Searching the cloud — some implementation questions:
- What document types are supported by the index crawlers?
- Are indexing and retrieval processes federated?
- What kind of database and systems connectors are supported by the index crawlers (Oracle RMDB, SAP R/3 ERM, Postgresql/MongoDB/AWS S3, Microsoft Exchange)?
- Is the enterprise search architecture aligned with my organization’s structure?
- What is the average response time for a set of typical queries under typical system load?
- What is the maximum index size (# unique words, # unique documents)?
- What is the cost of implementing a particular enterprise search application? How is the cost structured (e.g. by user or by CPU)?
- What additional network traffic will implementing a particular solution create on the corporate network?
- How is the investment into a solution protected? For example, is there a clause that the source code of the system will be provided if the vendor decides to sun-set the product?
- What is the security model (permissions for documents, users, groups)? Does the system support search over encrypted content (e.g. homomorphic encryption)?
- How are internal and external cloud resources communicated to the index crawler? Whose responsibility is it to trigger life-cycle state updates, and what API can be used?
- What are meaningful and safe default access privileges for indexed cloud data so they can be found using universal enterprise search queries?

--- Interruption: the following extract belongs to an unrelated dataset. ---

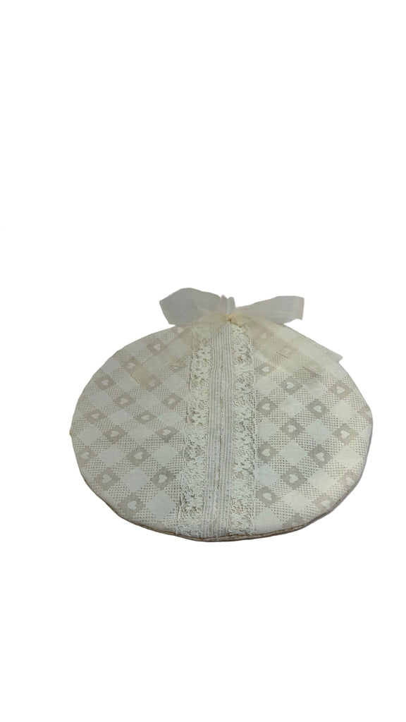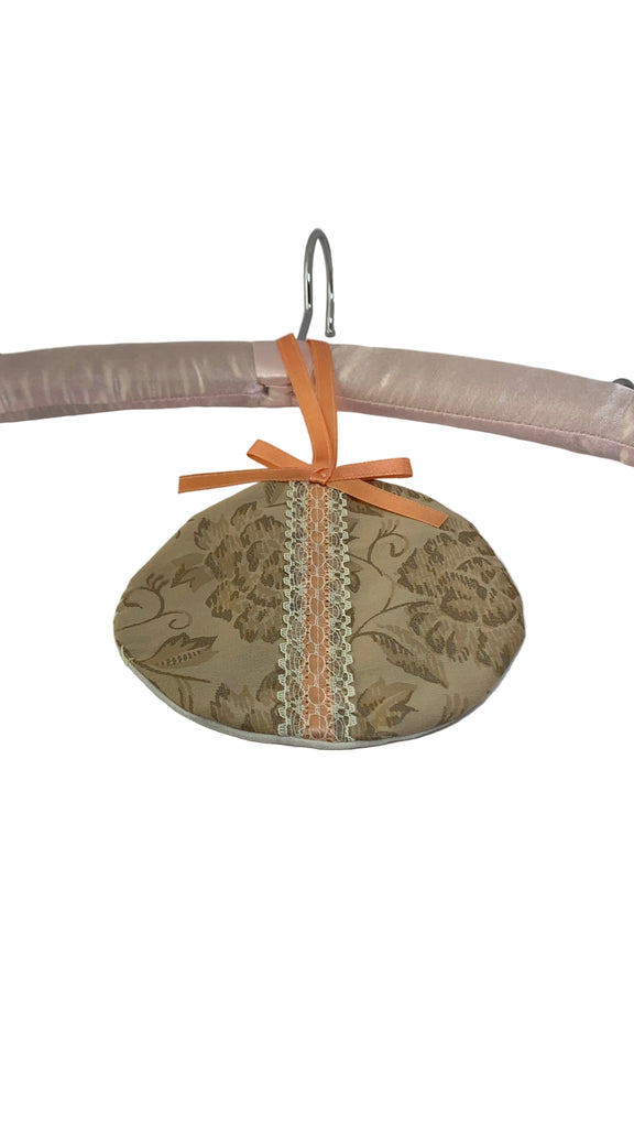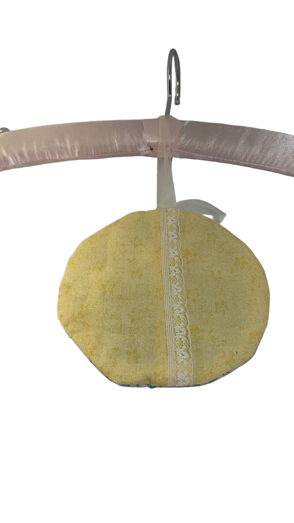Cotton blend fabric round shape sachet, ribbon hanging loop

- What worst-case time guarantees are given in terms of time from storing a new file on an external cloud storage node to that file’s content being available in a search?

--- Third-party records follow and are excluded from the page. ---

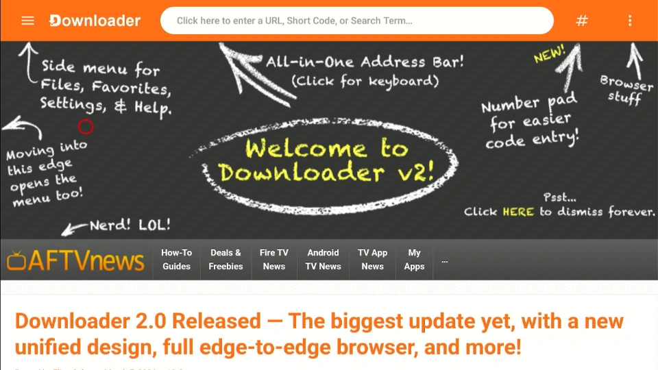 After years with no major upgrades, popular Android utility app Downloader by AFTVNews has rolled out a major update. The new version, Downloader V2.0, features an improved user interface and performance, including a larger built-in web browser, a redesigned UI, a smoother cursor, and a number pad for shortcodes.
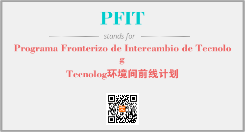 上述内容是“Programa Fronterizo de Intercambio de Tecnolog”作为“PFIT”的缩写,解释为“Tecnolog环境间前线计划”时的信息,以及英文缩略词PFIT所代表的英文单词,其对应的中文拼音、详细解释以及在英文中的流行度和相关分类、应用领域及应用示例等。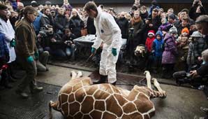 Dinamarca, 9 de febrero.- Alegando que era necesario para evitar la consanguinidad, el zoológico de Copenhague sacrificó el domingo a una jirafa sana y dio sus restos a los leones ante la mirada de los visitantes, ignorando ofertas de dinero, firmas de miles de personas y ofertas de otros zoológicos para salvar al macho de dos años.

- What policies are available to control index freshness depending on known data volatility (i.e. frequency of change)?
One of the main risks of cloud use is the improper management of access permissions.
Since public cloud resources like Amazon AWS S3 storage buckets reside outside the firewall of the organization, accidentally granting general read access means world-wide read access, so software bugs can have disastrous consequences, from leaking trade secrets to the violation of laws and regulations by disclosing especially protected personal information.
Meanwhile, an overly defensive approach leads to cloud silos that cannot be accessed by the organization’s cloud search.
More cloud research needed
The published literature on cloud indexing and retrieval is still nascent.
This means there is an opportunity for the Information Review (IR) research community to come together to conduct joint benchmark studies across research groups to find out what works best.
This article opens up the discussion on the question of what the migration to the cloud means for search in an organization.
More research in distributed computing will be needed, in particular, regarding federated indexing, retrieval, caching and replication.
A challenge will be to strike the balance between ensuring that indices are complete across local and cloud machines, and at the same time permissions are respected and that the user’s search experience is fast and effective.
This blog has been based on Jochen’s report for The Chartered Institute for IT in which he was invited to write a piece based on his expertise in text analytics.